Probiotics (either as pills or as yogurt) do not appear to decrease the rate of occurrence of vaginal yeast infections. No benefit has been found for active infections. Example probiotics purported to treat and prevent candida infections are Lactobacillus fermentum RC-14, Lactobacillus fermentum B-54, Lactobacillus rhamnosus GR-1, Lactobacillus rhamnosus GG and Lactobacillus acidophilus.

There is no evidence to support the use of special cleansing diets and colonic hydrotherapy for prevention.

==Prevention==
Zinc gel can prevent reinfections.

==Epidemiology==
The number of cases of vaginal yeast infection is not entirely clear because it is not a reportable disease and it is commonly diagnosed clinically without laboratory confirmation.

Candidiasis is one of the three most common vaginal infections along with bacterial vaginosis and trichomonas. About 75% of women have at least one infection in their lifetime, 40%–45% will have two or more episodes, and approximately 20% of women get an infection yearly.

== Research ==
Vaccines that target C. albicans are under active development. Phase 2 results published in June 2018 showed a safe and high immunogenicity of the NDV-3A vaccine candidate.
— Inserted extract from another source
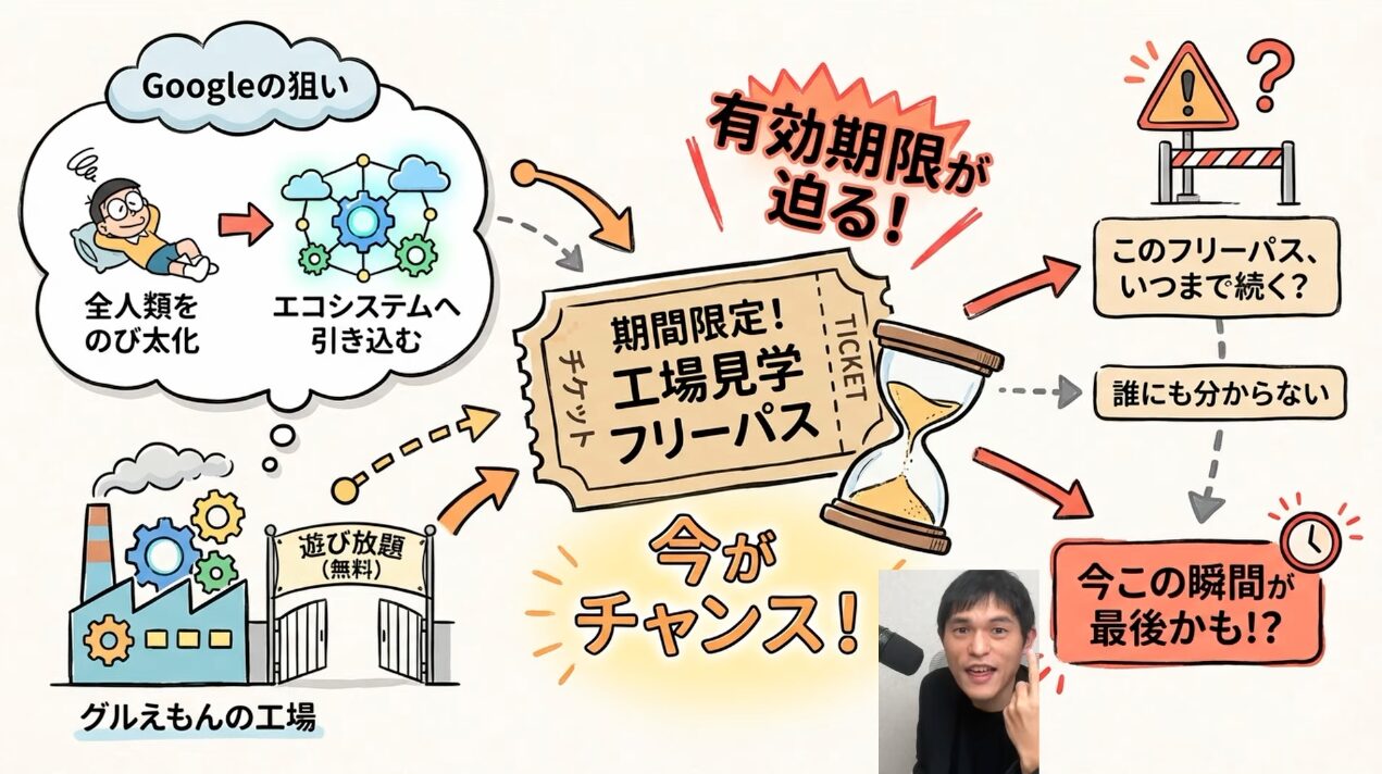 この太っ腹な提供は、Googleが「全人類をのび太化し、Googleのエコシステムに引き込みたい」という長期的なビジョンを持っているためです。個人のアイデアや小規模なプロジェクトであれば、無料枠内で十分に実現できるほどの自由度があり、AI開発へのハードルを極限まで下げています。これにより、金銭的な負担を気にすることなく、誰もが気軽にAIの可能性を探り、自分だけの「秘密道具」を創造できる環境が整えられています。

== Pathogenisis in Vulvodynia ==
There is a causal link between severe and or recurrent vulvovaginal candidiasis and vulvodynia – a chronic pain condition. The UK Vulval Pain Society highlights: "Some women have a sudden onset of symptoms following a specific event: a commonly recognised event is a severe attack of thrush followed by anti-thrush treatment. Once the attack of thrush settles following treatment, soreness and burning may persist as vestibulodynia". Research on mouse models has found that giving females repeated Candida infections leads to chronic pain in their vulva.

Insults to the highly innervated vulval vestibule lead to hyperalgesia in a process thought to be similar to post-herpetic neuralgia. In some patients, a process of neuroproliferation occurs in which the vestibule grows 10x as many nerves as healthy controls.